# DATA BELOW
______

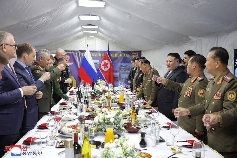 在结束了双方的会谈之后,绍伊古又亲自设宴款待了金正恩一行,值得注意的是,宴会的地点并不在富丽堂皇的大饭店里,显然是在临时搭建的军用帐篷里,这也表现出“一切从打仗出发”的态度。而出席宴会的双方人员,大多身着戎装,这也体现出此次访问会晤高度的军事色彩。在宴会上,朝鲜国防相强纯男的表态十分直接,表示朝军愿意和俄军“加强战斗团结和合作”,“坚定维护世界和地区和平稳定”。看起来,俄朝两国的军事互信水平已经相当高了。
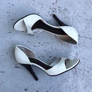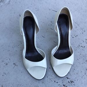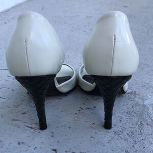 These are absolutely beautiful hills. I just had a creamy white re-stained so they look brand new. Check out the pictures the heel measures almost 4 inches and is a nice leather weave.
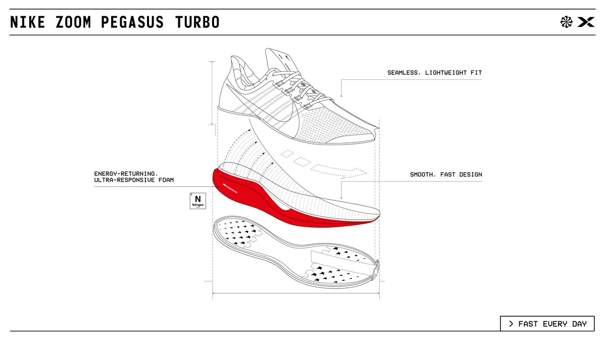 Вдохновленные лучшими кроссовками для марафона Zoom Vaporfly Elite и Zoom Vaporfly 4%, Nike Zoom Pegasus Turbo получили большее ускорение за счет обтекаемой формы и пеноматериала c высокими амортизационными свойствами — ZoomX, который обеспечивает 85% возврата энергии. Это максимальный показатель по сравнению с другими пеноматериалами Nike. Благодаря инновационной подошве, модель также стала самой легкой в беговой линейке бренда.

______

# YOUR INSTRUCTIONS
Please output every line of the listing as it stands, and omit its images.

# RESPONSE BOX
 在结束了双方的会谈之后,绍伊古又亲自设宴款待了金正恩一行,值得注意的是,宴会的地点并不在富丽堂皇的大饭店里,显然是在临时搭建的军用帐篷里,这也表现出“一切从打仗出发”的态度。而出席宴会的双方人员,大多身着戎装,这也体现出此次访问会晤高度的军事色彩。在宴会上,朝鲜国防相强纯男的表态十分直接,表示朝军愿意和俄军“加强战斗团结和合作”,“坚定维护世界和地区和平稳定”。看起来,俄朝两国的军事互信水平已经相当高了。
 These are absolutely beautiful hills. I just had a creamy white re-stained so they look brand new. Check out the pictures the heel measures almost 4 inches and is a nice leather weave.
 Вдохновленные лучшими кроссовками для марафона Zoom Vaporfly Elite и Zoom Vaporfly 4%, Nike Zoom Pegasus Turbo получили большее ускорение за счет обтекаемой формы и пеноматериала c высокими амортизационными свойствами — ZoomX, который обеспечивает 85% возврата энергии. Это максимальный показатель по сравнению с другими пеноматериалами Nike. Благодаря инновационной подошве, модель также стала самой легкой в беговой линейке бренда.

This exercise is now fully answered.